My suspicion is that the answer is a fairly clear no - that both of these “one-state” strategies are super-risky, and that neither of them has enough of a chance of success to be worth more than a more balanced strategy (campaigning across the swing states, and attempting to induce enough national momentum that “Reason 1” conditions start to come back into play). But they’re intriguing nonetheless, and - if anything - are more justified than a “just PA” strategy.
At least, once you realise that campaigning in one place only raises the probability of an engineered victory, not a natural one.
Vice Presidential picks
It’s worth noting that the very same mistake is being made by those who reason - from the fact that a victory in Pennsylvania takes their model from a 55% chance to a 92% chance for victory - that Harris was insane not to pick Josh Shapiro (the governor of the state) as her Vice Presidential candidate. This is wrong.

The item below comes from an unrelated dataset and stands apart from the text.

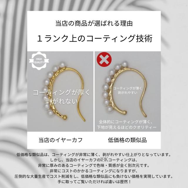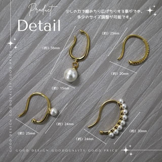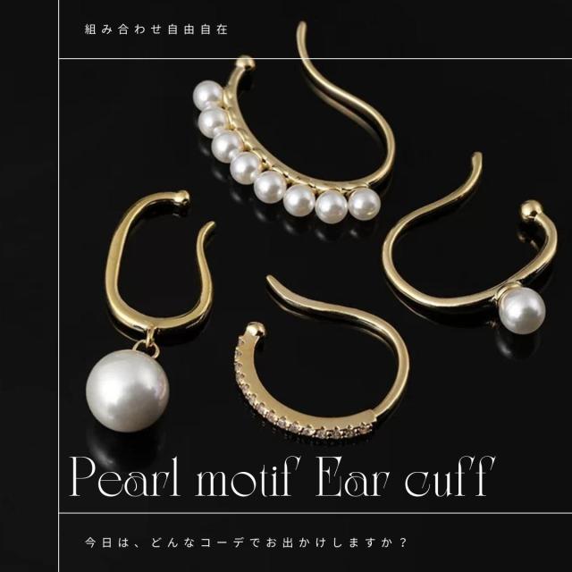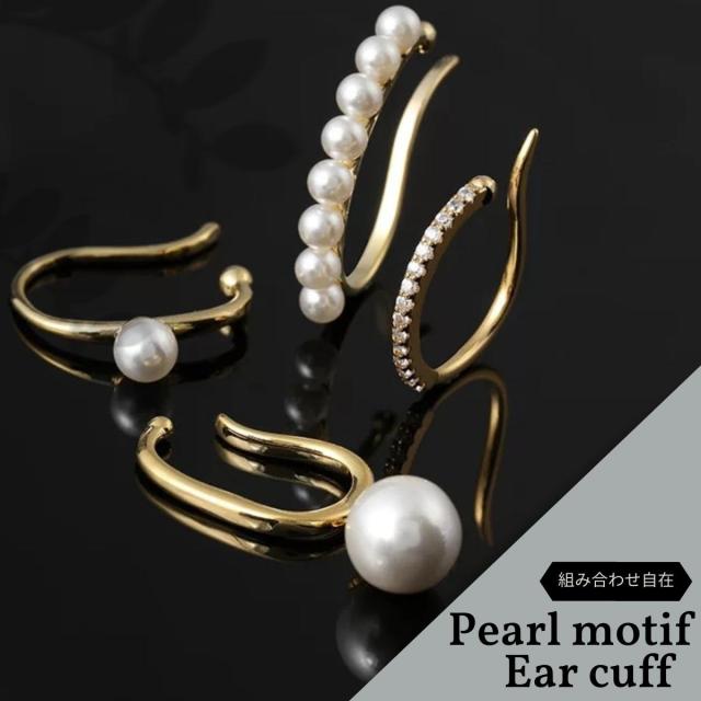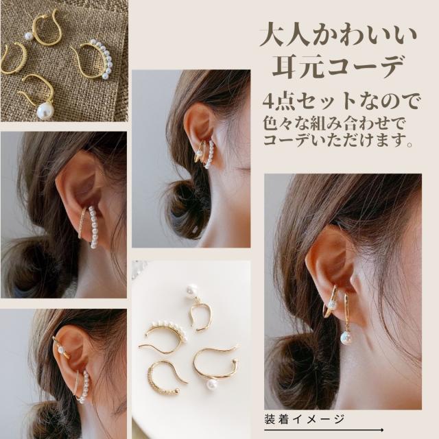 特徴:パール モチーフが特徴のイヤーカフ。4点セットなので重ね付けや両耳に付けたりなど、お好みに合わせて自由なアレンジをお楽しみいただけます。

At its best is another kind of engineered victory in PA, not a natural one.
And as such, even if we make the extraordinary assumption that VP Shapiro guarantees victory in PA, it would only raise her chances to 67%, not to 92%. Very useful of course, but a) not decisive, and b) the selection of Shapiro won’t raise her PA chances anywhere near that much, and may in fact have damaged them elsewhere.
Overall then, be very wary of people using these “conditional” probabilities to argue for actions in the campaign. The fundamental problem is that these conditional probabilities are premised on a certain set of dynamics in the race. So when you take action based on them, you’d better be damn sure that these actions are - in themselves - changing these dynamics in some important ways.
Massive changes to campaign strategy makes this mistake. Choosing VP candidates makes this mistake. Once you start looking, you find it almost everywhere.
And this is mostly for practical reasons. Even if you did set such variables in a model, you would need to know how state polling would move as a result. And we simply don’t have enough Presidential election data to analyse what the “signal” and “response” - we are considering an event that happens only once every four years, and have no counterfactual comparisons to make.
This isn’t quite right - we should really be excluding PA from our model altogether, since there will be correlations - but it’s pretty darn close.
A lot of Hilary Clinton vibes as we come into the last month. Where is she?
These are the increase in chances given by “engineered” victories, obviously. If they are “natural” victories, they increase Harris’ chances to as near 100% as makes no difference.